Task objective:
Among the entries below, the lines from the one with "- All over geometric" up to and including the one with "院外线路导航、院内科室分布、周边商户一网打尽;" are to be restated exactly, without pictures.

Available data:

+ + + + +

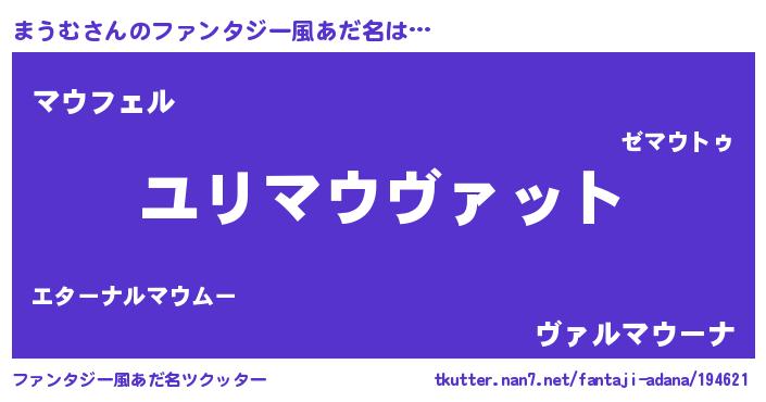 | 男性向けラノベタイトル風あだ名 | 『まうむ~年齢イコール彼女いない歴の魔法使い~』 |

+ + + + +

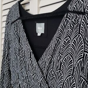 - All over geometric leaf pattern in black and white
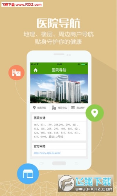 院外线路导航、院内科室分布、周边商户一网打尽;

+ + + + +

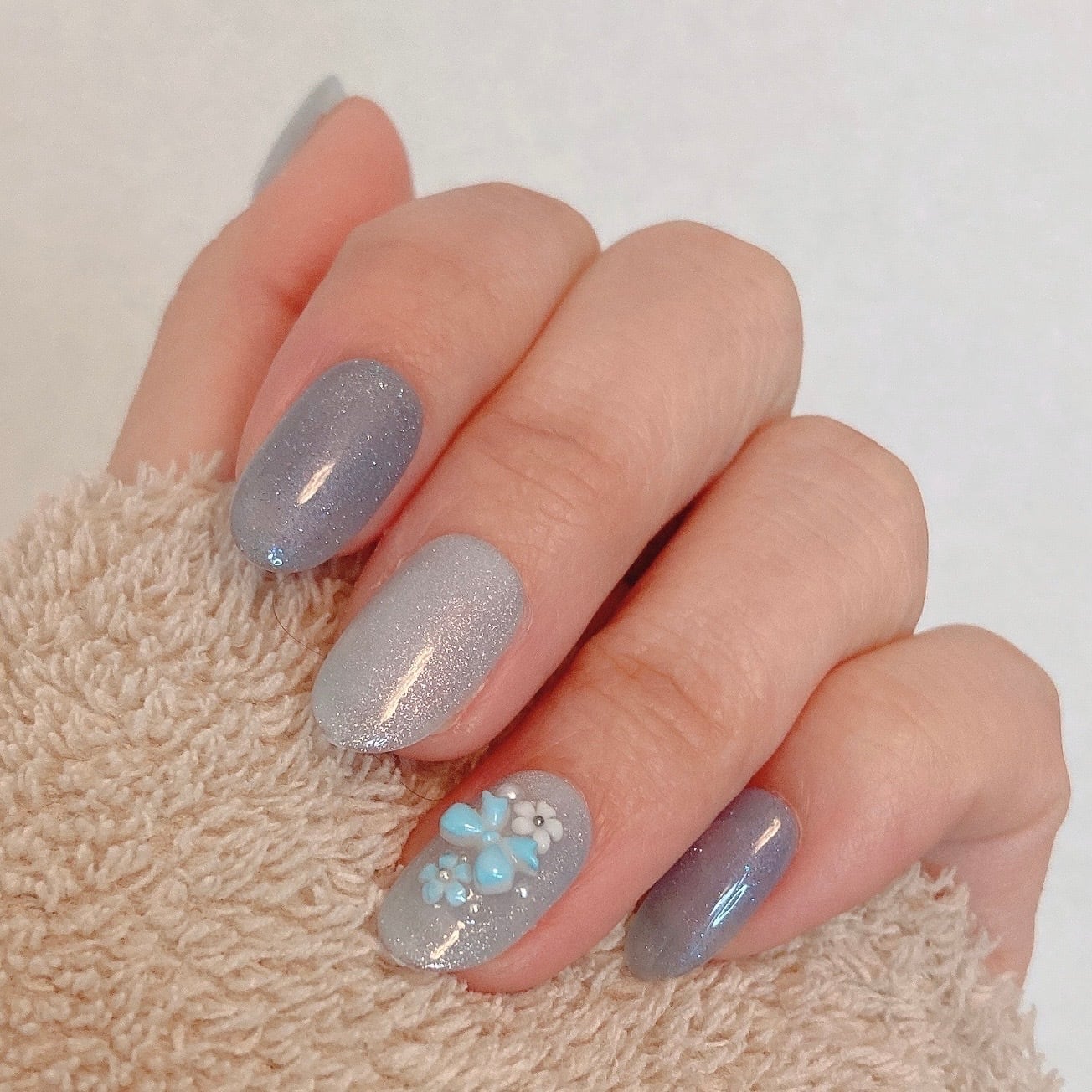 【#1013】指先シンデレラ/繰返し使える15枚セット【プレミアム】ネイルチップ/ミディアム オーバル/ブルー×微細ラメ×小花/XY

+ + + + +

Expected output:
 - All over geometric leaf pattern in black and white
 院外线路导航、院内科室分布、周边商户一网打尽;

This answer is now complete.